As far as classical music on tenor is concerned, I've spent many an hour over the last year or so working on the Bach D Minor Partita on mandolin - but I can't imagine being able to manage large sections of it on a tenor scale length. Even on viola the chordal parts are too much for me, although I'm assured more talented (or perhaps just larger handed!) violists can turn in a decent version. 

Although thinking about it, a tenor in EBGD tuning would be great for Renaissance guitar music...

----------


## Martin Jonas

> Ah, this is way too friendly a place for negative comments! 
> 
> Although thinking about it, a tenor in EBGD tuning would be great for Renaissance guitar music...

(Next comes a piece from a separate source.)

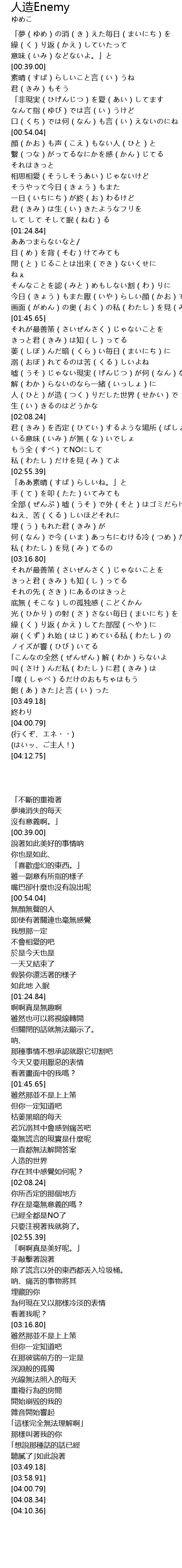 | [03:00.85] | 全部(ぜんぶ)嘘(うそ)で外(そと)はゴミだらけ |

Speaking of renaissance music on tenor guitar, I tried this 16th century keyboard piece (The Short Mesure Off My Lady Wynkfylds Rownde)a while ago -- works just fine on the reso tenor in GDAE:



Martin

----------


## Will Morgan

Tenor banjo, by Jason Romero, tuned GDAE
Tenor guitar, by Jayson Bowerman, tuned GDAD
I use both for Irish trad, primarily. I hesitate to call the guitar a tenor, as it has a full size
guitar body and a scale length of a little over 24'. It is a marvelous instrument for accompaniment, bouzouki style,
and playing melody lines is not as confusing as one might think.

----------

Ed Goist

----------


## Baron Collins-Hill

I tune (my Blueridge 40t) GDAD. I mostly use it for accompaniment, but do like to play melody on it as well. It took a little while to get used to the high D string for melodies, but its not so bad once you are expecting it.

----------

mandrian, 

Will Morgan

----------


## Mike Crocker

GDAE for tenor banjo and my weird guitar shaped mando-cello/bouzouki/octave mandolin.

Peace.

----------


## John Kelly

Tenor banjo, tenor guitar (plus mando, octave and bouzouki) all in GDAE as I like to keep things as simple as possible and this tuning suits my Scottish and Irish dominated repertoire.

----------


## SGraham

Tenor guitar: *CGDG*

It took some getting used to, but I'm not breaking my top string all the time now (I play pretty hard).

Style of music: Old time fiddle tunes, folk, corrupted bluegrass

----------


## Charles E.

[QUOTE=SGraham;1085976]Tenor guitar: *CGDG*

It took some getting used to [quote]

That would be a mind bender for me.   :Smile:

----------


## journeybear

Steel tenor guitar (National Triolian)

CGDA - never had much interest in other tunings; regular fifths intervals are what made playing string instruments possible for me. A mandola was attractive due to the inherent key changes associated with the lower tuning, then the Triolian to add to my arsenal while playing in a jug band. I also played this on a couple tunes while recording with the _other_ jug band, even slide - not my strong suit but worked out well enough, I think.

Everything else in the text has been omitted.